A jury was discharged and a trial aborted because some of the jurors were playing sudoku. dr faustus queries, is the jury system even meaningful? Andrew Leigh thinks an incentive/penalty system for jurors is appealing. Ken Parish finds a rank double standard in another trial, with appeals judges protecting a dozy trial judge.
Kim Weatherall casts a skeptical weather eye over the forthcoming Anti-Counterfeiting Trade Agreement and finds a few worrisome aspects.
David Starkoff deconstructs a whimsical/self-deprecating Federal Court judge’s headnote.
Legal Eagle joins Jeremy Sear in condemning Victorian A-G Rob Hulls’ slagging of barristers’ fees and asks: what about overcharging solicitors?
Chris Dillow wonders whether Malthus was right about capitalism.
Chris Berg wonders about the usefulness for Australia or anyone else of building a hybrid car here rather than where it could be done cheapest and most efficiently.
Do the traditionally married have anything to learn from same-sex couples? Yes, says Kim.
Harry Clarke continues to blog his learning and thinking about acid mud.
Andrew Norton is disappointed with the higher education review discussion paper produced by the Education Ministry.
Apathetic Sarah adopts a Donnelly-esque approach to the teaching of literacy and English more generally, but more elegantly and persuasively than Kevin usually manages, so she must have learnt something at school.
Will Wilkinson plays the Milton Friedman card in arguing for a more open US immigration policy (sans social welfare entitlements – he must have been taking notes from John Howard’s wildly successful refugee visa policies). Natalie Rothschild at Spiked is keen on an open door policy for Britain as well.11. KP: Australia actually just about has an open door policy these days, what with 457 visas and a large permanent migration program, yet it is generating surprisingly little public or pundit attention. [↩]
Dale wonders whether the Internet causes brain rot or degrades writing style.

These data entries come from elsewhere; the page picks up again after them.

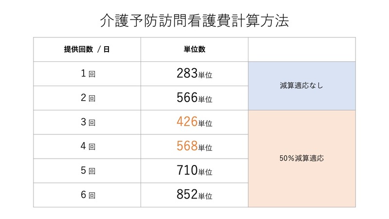 理学療法士、作業療法士又は言語聴覚士による介護予防訪問看護は、1日2回(3回以上)を超えて行う場合には1回につき所定単位数の100分の50 に相当する単位数を算定すること。なお、当該取扱いは、理学療法士、作業療法士又は言語聴覚士が連続して3回以上介護予防訪問看護を行った場合だけでなく、例えば午前中に2回、午後に1回行った場合も、同様である。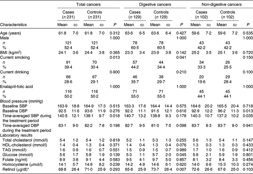 Using data from the CSPPT, we conducted a nested case–control study of 232 incident cases and 232 matched controls within this cohort. Controls were randomly chosen from the baseline CSPPT participants who did not develop cancer during the follow-up period and were matched for age (no more than 1 year), sex, treatment group and study site with the cases on a 1:1 ratio. After excluding those with missing retinol data, a total of 231 incident cases, which included 129 cases of digestive cancers (53 oesophageal, forty-three gastric, nineteen colorectal and fourteen other sites) and 102 cases of non-digestive cancers (twenty-seven breast, twenty-six lung and forty-nine other sites), and 231 matched controls were included in the present analysis (Supplementary Fig. S1).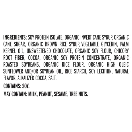 INGREDIENTS: SOY PROTEIN ISOLATE, ORGANIC INVERT CANE SYRUP, ORGANIC CANE SUGAR, ORGANIC BROWN RICE SYRUP, VEGETABLE GLYCERIN, PALM KERNEL OIL, UNSWEETENED CHOCOLATE, ORGANIC SOY FLOUR, CHICORY ROOT FIBER, COCOA, ORGANIC SOY PROTEIN CONCENTRATE, ORGANIC ROASTED SOYBEANS, ORGANIC RICE FLOUR, ORGANIC HIGH OLEIC SUNFLOWER AND/OR SOYBEAN OIL, RICE STARCH, SOY LECITHIN, NATURAL FLAVOR, ALKALIZED COCOA, SALT. CONTAINS: SOY. MAY CONTAIN: MILK, PEANUT, SESAME, TREE NUTS.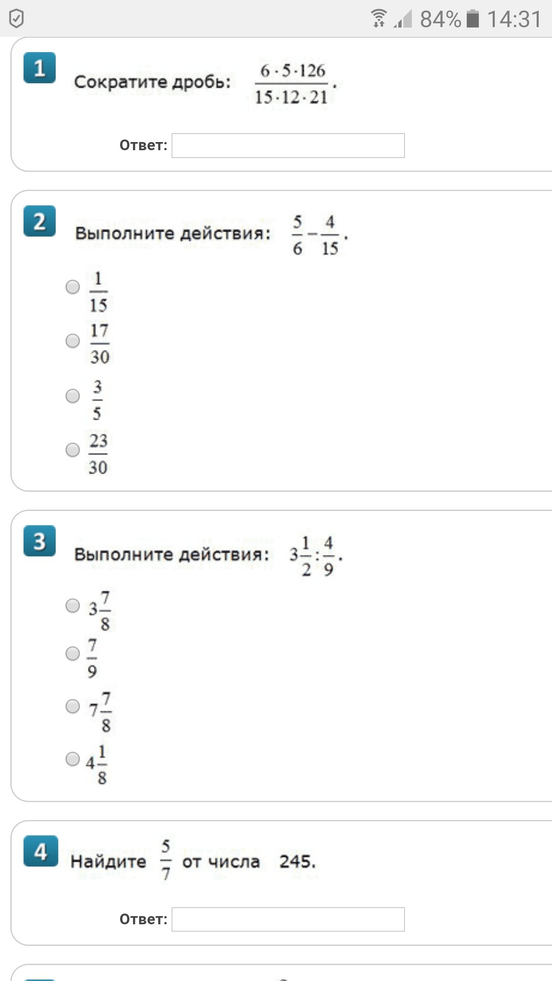 4)  245* frac{5}{7} =35*5=175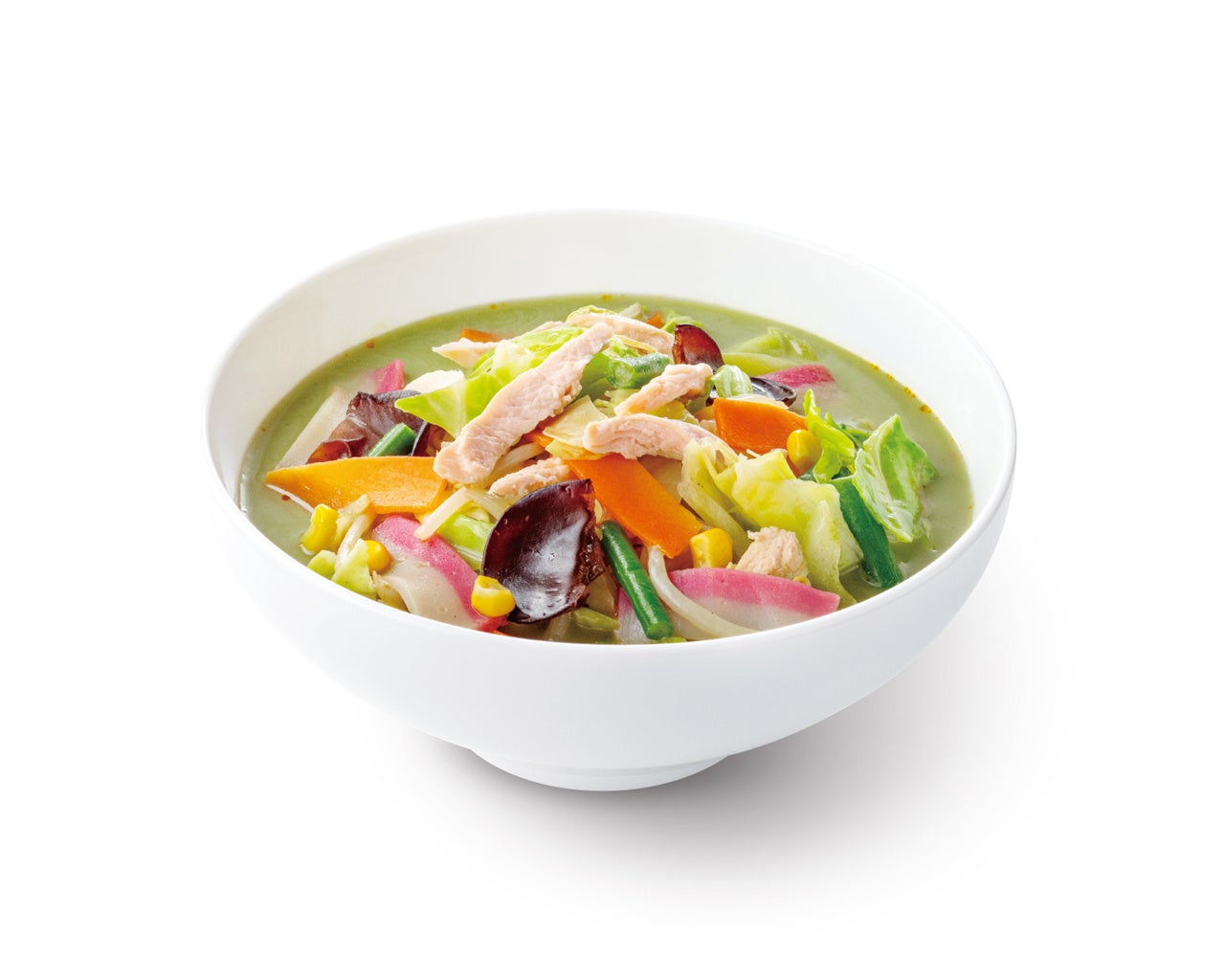 通常の「野菜たっぷり食べるスープ」同様、7種類 計480gの国産野菜を使用しており、ボリューム感もありながら、434kcalというヘルシーなメニューです。さらに今回はファンケルの国産ケール青汁が入っているので、より栄養がとれる商品となっており、糖質を控えたい方、健康意識の高い方にもお勧めの商品です。

Jack Balkin examines venerable legal academic Larry Lessig’s noble if quixotic war on corruption and the influence of big money in the US political system
The Audreys – for PC via Stumbling Tumblr
Nabakov reviews film noir parody film, Beat the Devil.
FX Holden argues that Mark Steyn might be a crap RWDB political pundit but he’s still a pretty damn good writer on showbiz and pop culture.
Perry Middlemiss highlights Bryan Appleyard’s suggestion that Shirley Hazzard is “the greatest novelist of the 20th century”.
And a good time was held by all in Shaun’s live blogging of Origin II. Well, I (gilmae) had a good time; I suspect the ‘roaches had a frustrating night.
Norm Geras links to some very clever Sky TV golf/cricket promo clips (that manage to make both sports seem more interesting than they really are).
Tony Tannous belatedly reviews Australia’s weekend soccer loss to Iraq.
Matt looks at the Wallabies lineup for Saturday’s rugby test against Ireland.
“Captain” Watson posts a blueprint for shifting Melbourne Demons AFL team to the Gold Coast.
Snark, strangeness and charm
Marcellous muses about mortality, contract law and Morrisset Mental Hospital in a superbly personal/political post that enters my (KP) short list for Best Blog Posts ’08.
dr faustus reports on interesting results coming out of a long term experiment in bacterial evolution.
Athenian girls who study at the University of the Aegean are Lesbians until Graduation.